§ WHAT YOU ARE ASKED TO DO: Copy, exactly and without additions, every line in the records below from the one holding "CLASS AAAAA-DIVISION 1" through the one holding "1-15 years male", both ends included.

Data entries
################

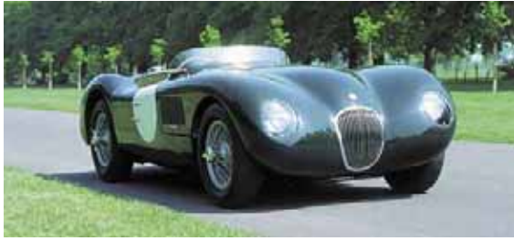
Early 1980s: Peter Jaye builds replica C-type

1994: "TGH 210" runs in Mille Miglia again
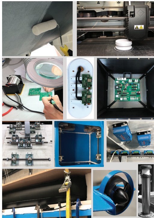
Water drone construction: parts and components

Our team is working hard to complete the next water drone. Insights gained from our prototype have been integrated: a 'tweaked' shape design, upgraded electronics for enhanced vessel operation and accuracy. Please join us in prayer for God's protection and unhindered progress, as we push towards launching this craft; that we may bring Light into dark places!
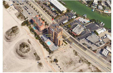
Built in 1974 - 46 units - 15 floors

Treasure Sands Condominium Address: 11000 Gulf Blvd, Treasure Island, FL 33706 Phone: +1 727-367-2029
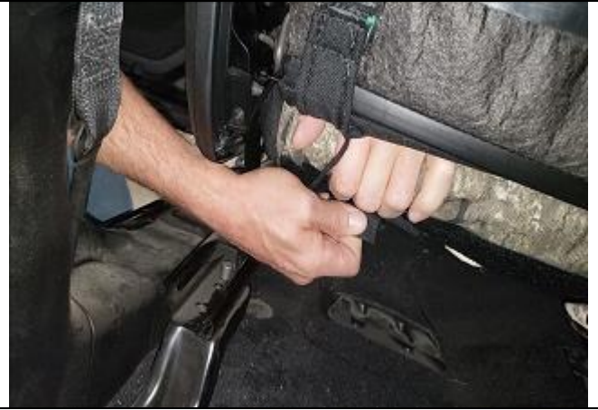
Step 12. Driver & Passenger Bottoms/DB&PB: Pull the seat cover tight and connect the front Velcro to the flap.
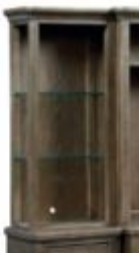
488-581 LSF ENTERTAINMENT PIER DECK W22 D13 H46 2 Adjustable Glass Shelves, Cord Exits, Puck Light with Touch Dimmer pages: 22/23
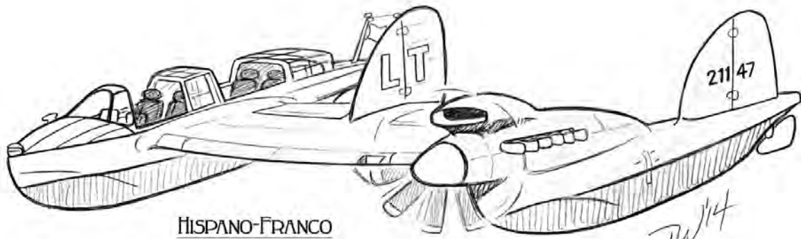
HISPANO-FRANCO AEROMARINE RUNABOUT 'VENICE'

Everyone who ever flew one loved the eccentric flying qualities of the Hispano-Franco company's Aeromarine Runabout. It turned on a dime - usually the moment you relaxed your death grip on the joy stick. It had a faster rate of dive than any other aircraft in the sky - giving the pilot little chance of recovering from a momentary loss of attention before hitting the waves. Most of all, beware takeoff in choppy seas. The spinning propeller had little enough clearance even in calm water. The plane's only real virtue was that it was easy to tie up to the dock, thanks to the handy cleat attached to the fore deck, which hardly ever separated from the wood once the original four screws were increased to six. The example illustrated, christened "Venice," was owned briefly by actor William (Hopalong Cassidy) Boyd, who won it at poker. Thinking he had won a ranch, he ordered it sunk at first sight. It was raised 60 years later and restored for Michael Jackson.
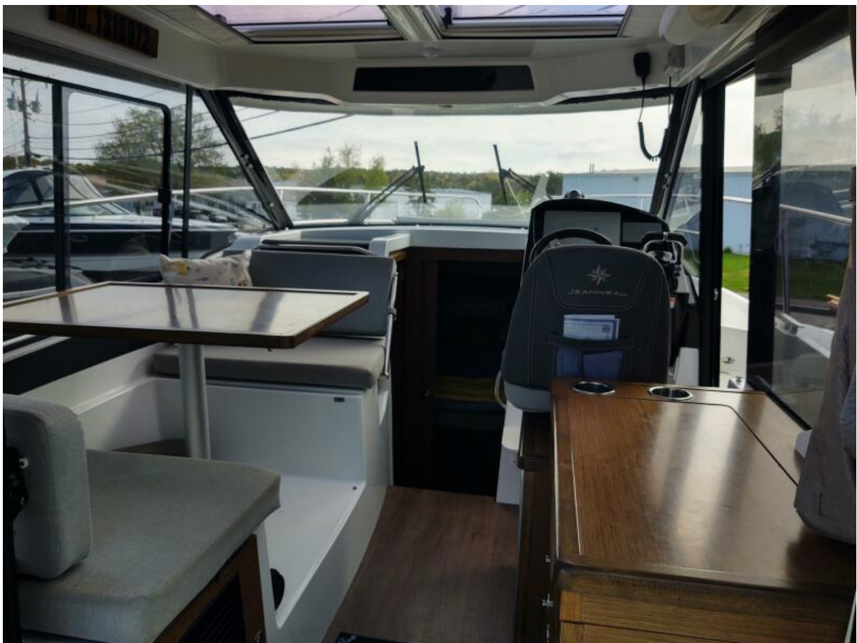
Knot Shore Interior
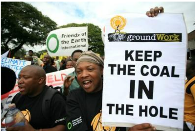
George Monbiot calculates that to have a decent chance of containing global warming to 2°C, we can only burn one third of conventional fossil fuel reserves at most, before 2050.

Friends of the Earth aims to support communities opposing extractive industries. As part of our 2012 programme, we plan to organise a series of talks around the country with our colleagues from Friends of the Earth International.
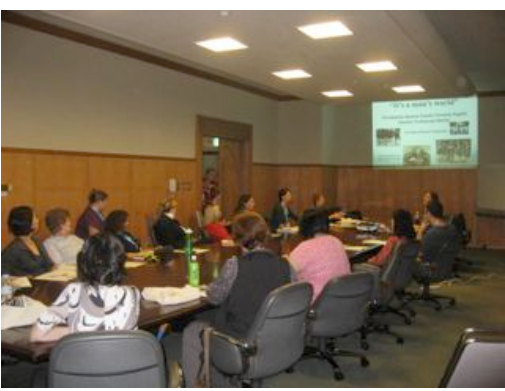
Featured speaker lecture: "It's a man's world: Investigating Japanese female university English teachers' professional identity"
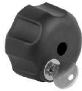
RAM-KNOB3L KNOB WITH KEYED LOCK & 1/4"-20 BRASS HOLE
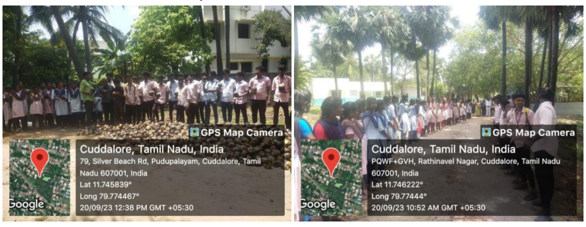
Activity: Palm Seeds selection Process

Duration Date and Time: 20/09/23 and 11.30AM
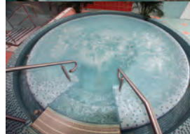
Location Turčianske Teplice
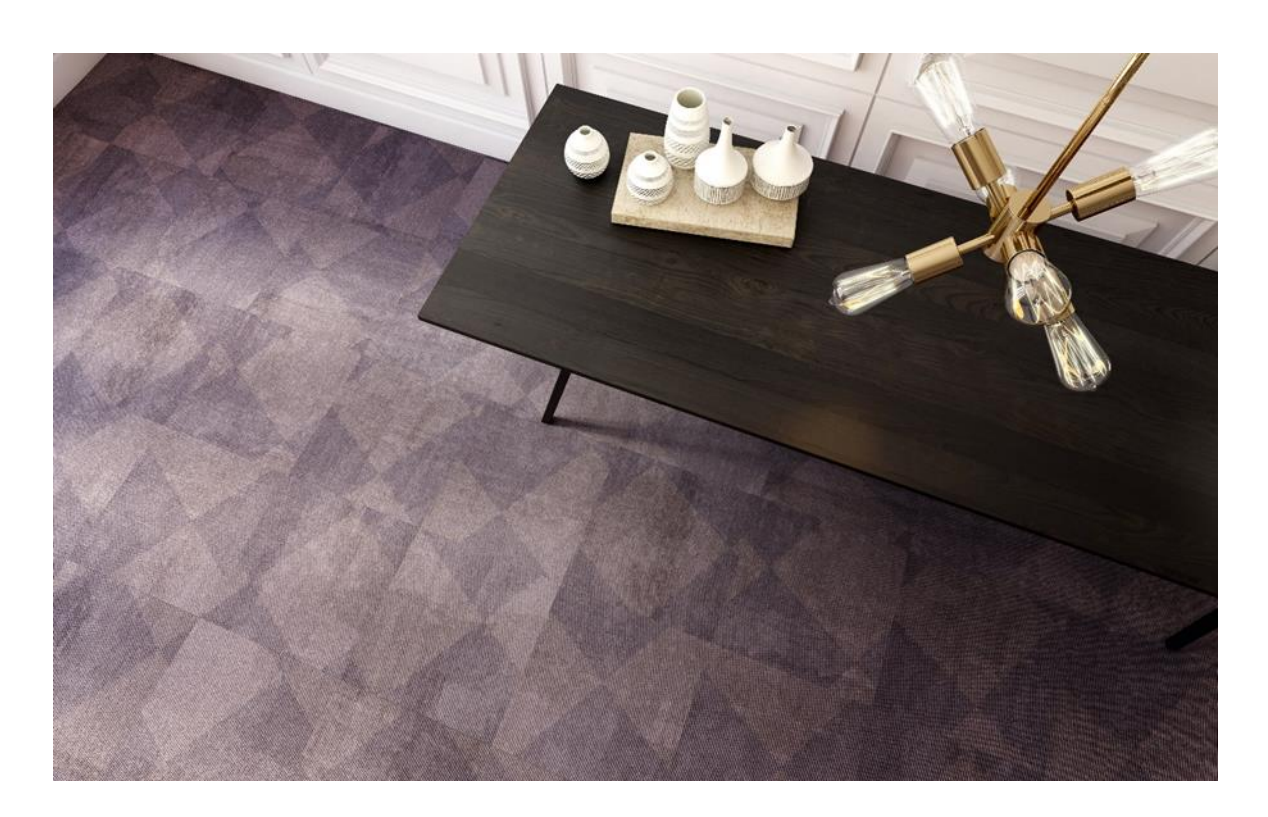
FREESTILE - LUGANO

################

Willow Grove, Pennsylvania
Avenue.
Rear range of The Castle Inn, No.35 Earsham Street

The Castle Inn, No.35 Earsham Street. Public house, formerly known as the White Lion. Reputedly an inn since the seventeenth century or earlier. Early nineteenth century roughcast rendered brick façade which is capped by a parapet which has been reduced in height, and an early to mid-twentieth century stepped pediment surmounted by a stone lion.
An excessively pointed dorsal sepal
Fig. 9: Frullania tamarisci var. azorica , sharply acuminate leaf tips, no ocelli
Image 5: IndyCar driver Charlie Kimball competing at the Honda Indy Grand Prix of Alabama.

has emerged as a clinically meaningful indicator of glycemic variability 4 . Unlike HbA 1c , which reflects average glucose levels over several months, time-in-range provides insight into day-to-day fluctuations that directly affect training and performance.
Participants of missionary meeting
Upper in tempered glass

################

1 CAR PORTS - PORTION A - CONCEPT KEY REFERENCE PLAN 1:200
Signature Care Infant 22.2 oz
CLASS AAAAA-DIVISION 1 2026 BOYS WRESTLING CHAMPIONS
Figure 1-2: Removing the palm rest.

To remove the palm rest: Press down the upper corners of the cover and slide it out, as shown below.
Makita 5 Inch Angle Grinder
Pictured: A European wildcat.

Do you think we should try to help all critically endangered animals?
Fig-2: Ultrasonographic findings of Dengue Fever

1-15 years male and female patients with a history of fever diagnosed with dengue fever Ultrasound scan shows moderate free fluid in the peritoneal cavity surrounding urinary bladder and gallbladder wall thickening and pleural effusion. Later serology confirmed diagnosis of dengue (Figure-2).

################

§ FINISHED EXERCISE:
CLASS AAAAA-DIVISION 1 2026 BOYS WRESTLING CHAMPIONS
Figure 1-2: Removing the palm rest.

To remove the palm rest: Press down the upper corners of the cover and slide it out, as shown below.
Makita 5 Inch Angle Grinder
Pictured: A European wildcat.

Do you think we should try to help all critically endangered animals?
Fig-2: Ultrasonographic findings of Dengue Fever

1-15 years male and female patients with a history of fever diagnosed with dengue fever Ultrasound scan shows moderate free fluid in the peritoneal cavity surrounding urinary bladder and gallbladder wall thickening and pleural effusion. Later serology confirmed diagnosis of dengue (Figure-2).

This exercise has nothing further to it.